Being new to keeping reptiles i decided to stick with a well known brand in this case exo terra for keeping an eye on humidity and temperature in my crestie tank. I purchased both the hygrometer and thermometer dial set and was a little shocked to see how inaccurate they actually are.
Luckily i work for a test and measurement company that make some of the best temperature and humidity sensors on the market. So out of curiosity i tested the humidity of my tank with a Comark RF instrument before and after misting my tank. 
The exo terra measured 45-50 and the RF instrument measure 75 after misting and the exo terra registered 40-45 with the Comark RF reading 65-70. 
The Comark unit came straight from Calibration to UKAS standards and accurate to some crazy figure. I spoke with exo terra and the unit was replaced which didn't correct the error in reading.
I was aiming to keep humidity around 70 using the exo terra hygrometer for reading i shudder to think what it actually was.
The digital ones are much, much better but it was very dissapointing to see such a massive error in the readings but most importantly my little dudes seem to be fine and i now have the tank perfectly setup for them.

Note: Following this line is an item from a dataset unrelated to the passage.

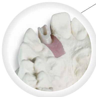
Individuelles Zirkonabutment, verklebt auf Titanbasis

1. Glied 120,-€ Jedes weitere 100,-€ inkl. MwSt.

I use a Comark RF500 probes that log the temperature, humidity etc 24/7 complete overkill but atleast i know my Cresties are in a well kept setup.


----------



## JonnyFrilledDragonLawson (Oct 26, 2012)

how much are those comark ones?


----------



## LFBP-NEIL (Apr 23, 2005)

In fairness the Exo ones are usually close enough, its probably a bit unfair comparing a £2.99 stick on humidity gauge made in china to a scientific instrument costing hundreds of pounds.


----------



## joe1981 (Dec 14, 2012)

LFBP-NEIL said:


> In fairness the Exo ones are usually close enough, its probably a bit unfair comparing a £2.99 stick on humidity gauge made in china to a scientific instrument costing hundreds of pounds.


I agree I was shocked at how inaccurate they were though. The normal digital ones seem pretty good but as a new keeper it's very dissapointing.

You could look at 
Part Number N2013 (Temp/RH) total overkill unless you could grab one on eBay cheap.


----------



## powerkiter (Sep 29, 2012)

Dial thermometers and hygrometers = shyte


----------